§ What the task requires:
With the pictures removed, the data below must be transcribed in full and exactly.

§ Saved data entries:
────────────────────────────────────────

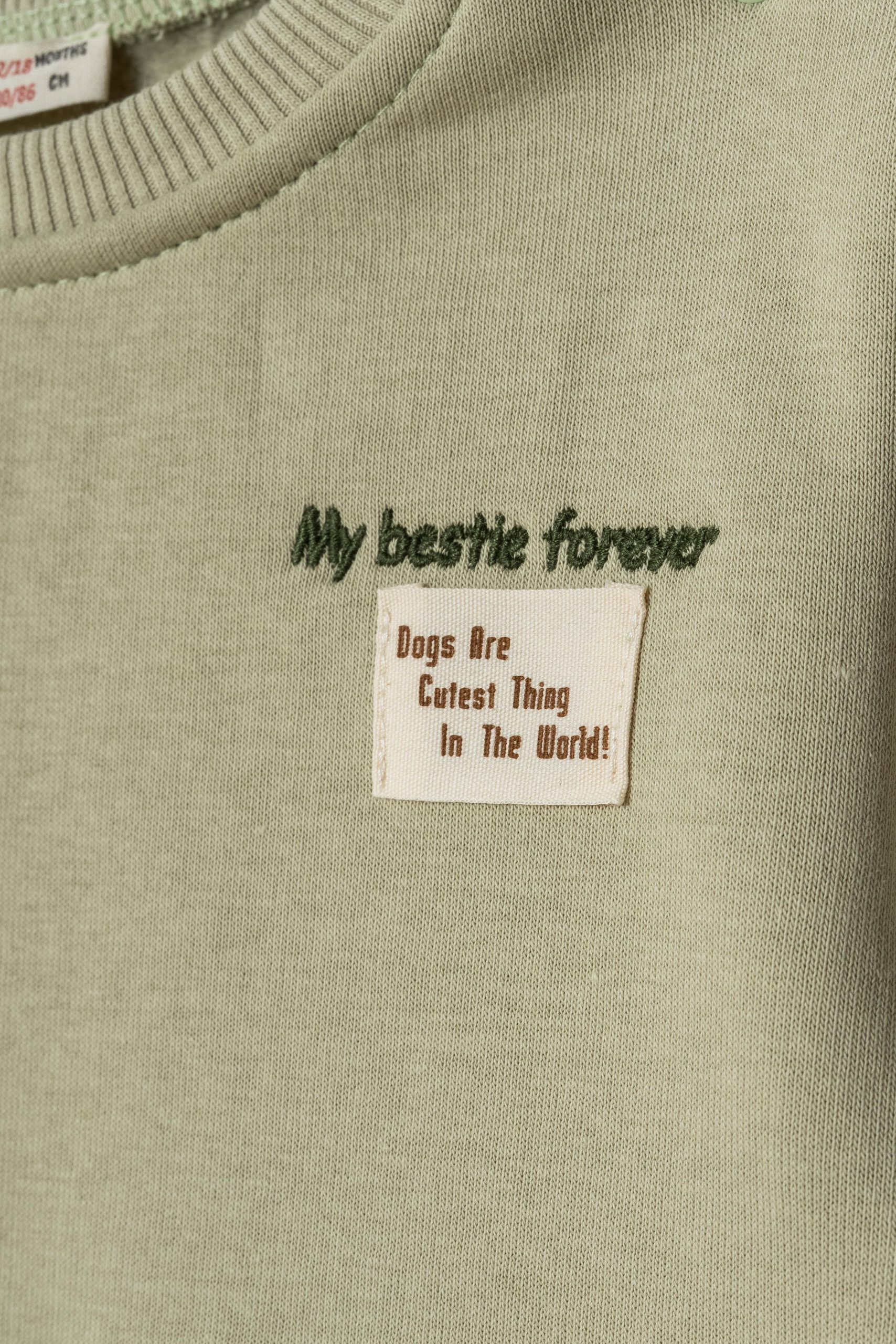 Boys' Cotton Green Sweatshirt and Dog Embroidered Jogger Set
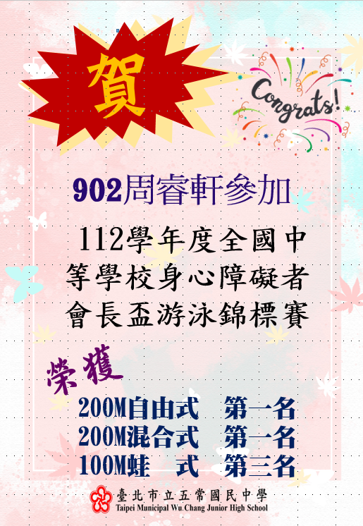 本校周睿軒同學參加112學年度全國中等學校身心障礙者會長盃游泳錦標賽
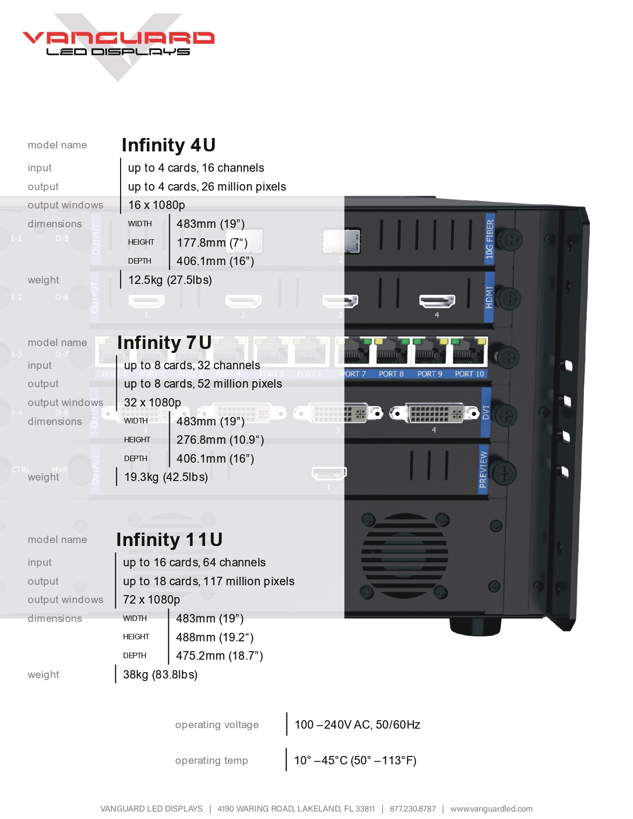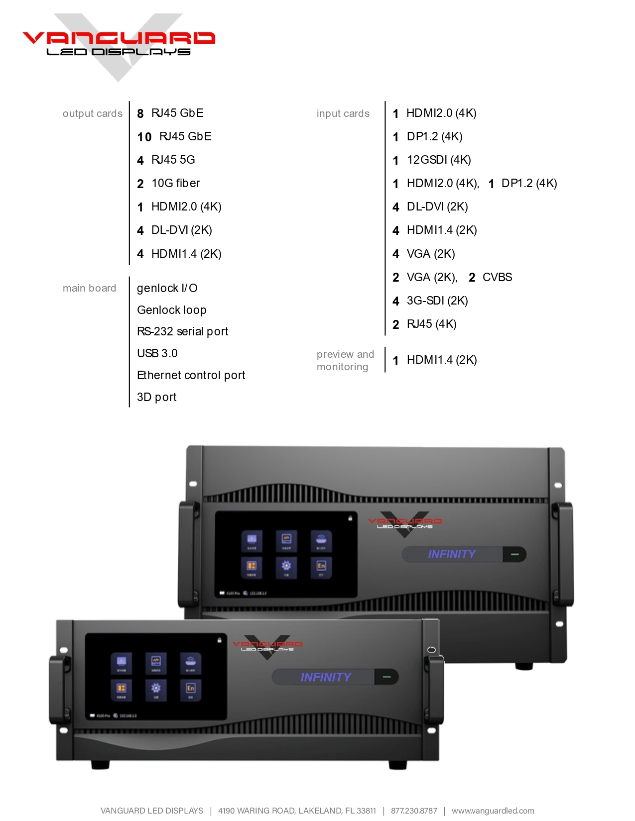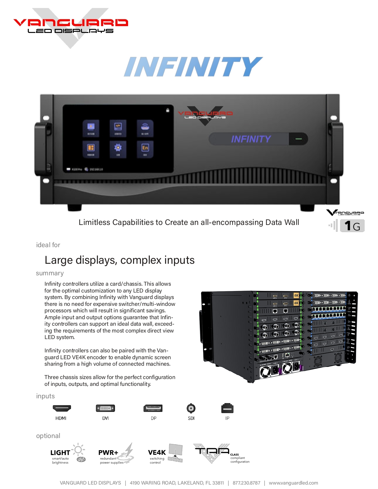 Infinity controllers utilize a card/chassis. This allows for the optimal customization to any LED display system. By combining Infinity with Vanguard displays there is no need for expensive switcher/multi-window processors which will result in significant savings.
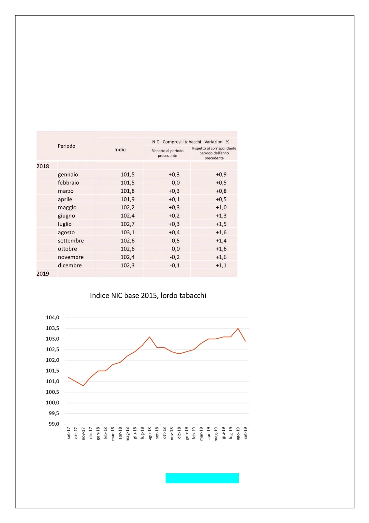 Periodo Indici Rispetto al periodo precedente Rispetto al corrispondente periodo dell'anno precedente 2018 gennaio 101,5 +0,3 +0,9 febbraio 101,5 0,0 +0,5 marzo 101,8 +0,3 +0,8 aprile 101,9 +0,1 +0,5 maggio 102,2 +0,3 +1,0 giugno 102,4 +0,2 +1,3 luglio 102,7 +0,3 +1,5 agosto 103,1 +0,4 +1,6 settembre 102,6 -0,5 +1,4 ottobre 102,6 0,0 +1,6 novembre 102,4 -0,2 +1,6 dicembre 102,3 -0,1 +1,1 2019 Indice NIC base 2015, lordo tabacchi 104,0 103,5 103,0 102,5 102,0 101,5 101,0 100,5 100,0 99,5 99,0 set-17 ott-17 nov-17 dic-17 gen-18 feb-18 mar-18 apr-18 mag-18 giu-18 lug-18 ago-18 set-18 ott-18 nov-18 dic-18 gen-19 feb-19 mar-19 apr-19 mag-19 giu-19 lug-19 ago-19 set-19
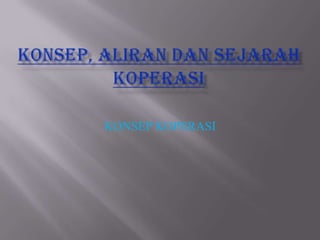 Koperasi didefinisikan sebagai organisasi bersama yang didirikan secara sukarela oleh orang-orang dengan tujuan untuk meningkatkan kesejahteraan anggotanya melalui kerja sama ekonomi berdasarkan prinsip-prinsip demokrasi, keadilan, dan kekeluargaan. Dokumen tersebut menjelaskan sejarah, definisi, prinsip-prinsip dasar, dan tujuan pendirian koperasi.
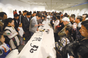 書法家現(xiàn)場(chǎng)揮毫創(chuàng)作。 本報(bào)記者 陳艷 攝

────────────────────────────────────────

§ Output:
 Boys' Cotton Green Sweatshirt and Dog Embroidered Jogger Set
 本校周睿軒同學參加112學年度全國中等學校身心障礙者會長盃游泳錦標賽
 Infinity controllers utilize a card/chassis. This allows for the optimal customization to any LED display system. By combining Infinity with Vanguard displays there is no need for expensive switcher/multi-window processors which will result in significant savings.
 Periodo Indici Rispetto al periodo precedente Rispetto al corrispondente periodo dell'anno precedente 2018 gennaio 101,5 +0,3 +0,9 febbraio 101,5 0,0 +0,5 marzo 101,8 +0,3 +0,8 aprile 101,9 +0,1 +0,5 maggio 102,2 +0,3 +1,0 giugno 102,4 +0,2 +1,3 luglio 102,7 +0,3 +1,5 agosto 103,1 +0,4 +1,6 settembre 102,6 -0,5 +1,4 ottobre 102,6 0,0 +1,6 novembre 102,4 -0,2 +1,6 dicembre 102,3 -0,1 +1,1 2019 Indice NIC base 2015, lordo tabacchi 104,0 103,5 103,0 102,5 102,0 101,5 101,0 100,5 100,0 99,5 99,0 set-17 ott-17 nov-17 dic-17 gen-18 feb-18 mar-18 apr-18 mag-18 giu-18 lug-18 ago-18 set-18 ott-18 nov-18 dic-18 gen-19 feb-19 mar-19 apr-19 mag-19 giu-19 lug-19 ago-19 set-19
 Koperasi didefinisikan sebagai organisasi bersama yang didirikan secara sukarela oleh orang-orang dengan tujuan untuk meningkatkan kesejahteraan anggotanya melalui kerja sama ekonomi berdasarkan prinsip-prinsip demokrasi, keadilan, dan kekeluargaan. Dokumen tersebut menjelaskan sejarah, definisi, prinsip-prinsip dasar, dan tujuan pendirian koperasi.
 書法家現(xiàn)場(chǎng)揮毫創(chuàng)作。 本報(bào)記者 陳艷 攝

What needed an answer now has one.